Task to carry out
Scan the records below for the line with "The owners, who" and the line with "菅原道真公は三筆の一人にも三", and retype that range exactly, both ends included, pictures excepted.

Records for this task
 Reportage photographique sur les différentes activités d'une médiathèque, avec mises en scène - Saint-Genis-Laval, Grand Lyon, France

* * *

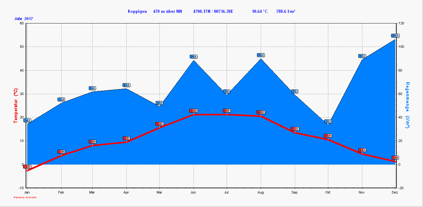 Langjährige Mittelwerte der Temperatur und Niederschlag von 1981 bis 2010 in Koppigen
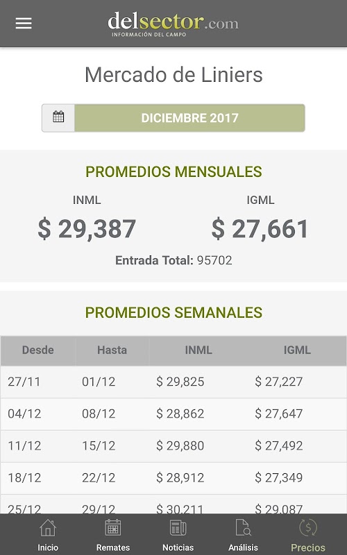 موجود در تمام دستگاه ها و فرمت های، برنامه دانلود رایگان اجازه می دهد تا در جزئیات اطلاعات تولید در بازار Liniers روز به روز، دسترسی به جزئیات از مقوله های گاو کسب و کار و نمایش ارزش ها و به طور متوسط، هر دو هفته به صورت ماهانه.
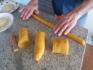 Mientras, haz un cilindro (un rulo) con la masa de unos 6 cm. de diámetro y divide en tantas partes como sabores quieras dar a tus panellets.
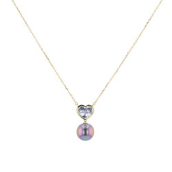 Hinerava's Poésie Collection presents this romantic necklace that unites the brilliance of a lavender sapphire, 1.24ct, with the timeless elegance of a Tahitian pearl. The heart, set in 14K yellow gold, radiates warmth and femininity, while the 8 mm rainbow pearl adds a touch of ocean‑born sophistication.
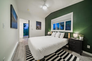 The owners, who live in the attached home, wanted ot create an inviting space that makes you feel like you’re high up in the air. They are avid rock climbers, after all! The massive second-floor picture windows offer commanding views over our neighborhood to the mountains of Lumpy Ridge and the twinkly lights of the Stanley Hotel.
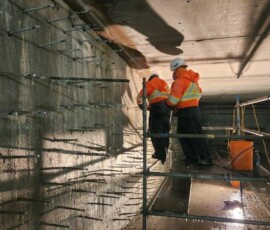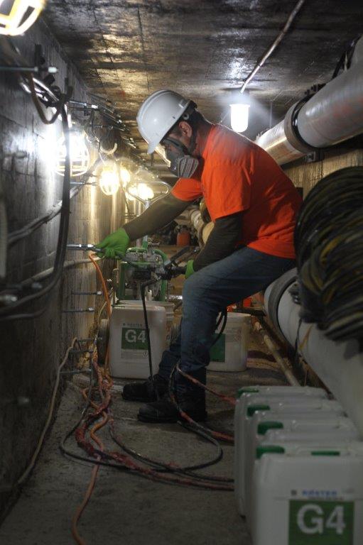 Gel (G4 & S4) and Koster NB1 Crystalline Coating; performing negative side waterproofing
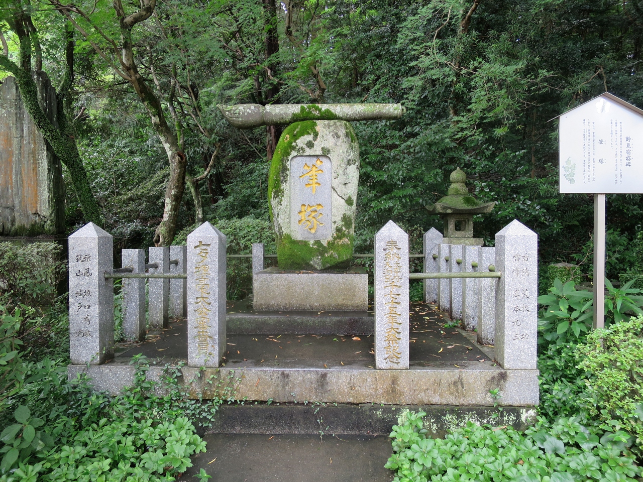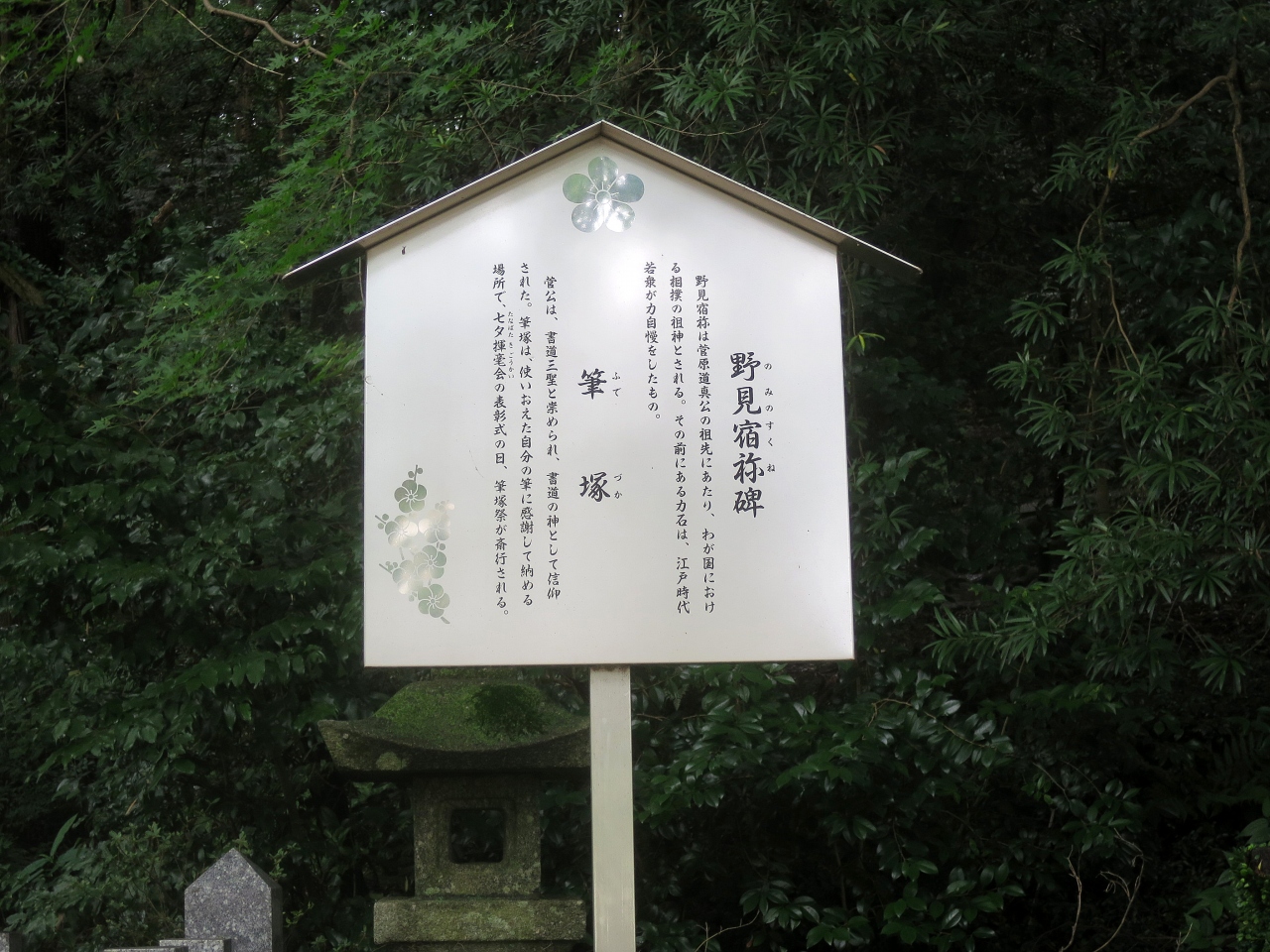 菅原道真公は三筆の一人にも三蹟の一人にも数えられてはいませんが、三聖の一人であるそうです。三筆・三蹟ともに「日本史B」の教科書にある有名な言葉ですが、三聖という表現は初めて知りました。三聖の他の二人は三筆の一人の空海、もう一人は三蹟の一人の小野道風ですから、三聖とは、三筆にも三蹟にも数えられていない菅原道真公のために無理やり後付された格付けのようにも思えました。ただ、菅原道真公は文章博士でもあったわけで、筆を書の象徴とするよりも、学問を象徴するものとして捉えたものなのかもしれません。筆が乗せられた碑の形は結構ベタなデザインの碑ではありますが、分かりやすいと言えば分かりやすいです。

Response area
 The owners, who live in the attached home, wanted ot create an inviting space that makes you feel like you’re high up in the air. They are avid rock climbers, after all! The massive second-floor picture windows offer commanding views over our neighborhood to the mountains of Lumpy Ridge and the twinkly lights of the Stanley Hotel.
 Gel (G4 & S4) and Koster NB1 Crystalline Coating; performing negative side waterproofing
 菅原道真公は三筆の一人にも三蹟の一人にも数えられてはいませんが、三聖の一人であるそうです。三筆・三蹟ともに「日本史B」の教科書にある有名な言葉ですが、三聖という表現は初めて知りました。三聖の他の二人は三筆の一人の空海、もう一人は三蹟の一人の小野道風ですから、三聖とは、三筆にも三蹟にも数えられていない菅原道真公のために無理やり後付された格付けのようにも思えました。ただ、菅原道真公は文章博士でもあったわけで、筆を書の象徴とするよりも、学問を象徴するものとして捉えたものなのかもしれません。筆が乗せられた碑の形は結構ベタなデザインの碑ではありますが、分かりやすいと言えば分かりやすいです。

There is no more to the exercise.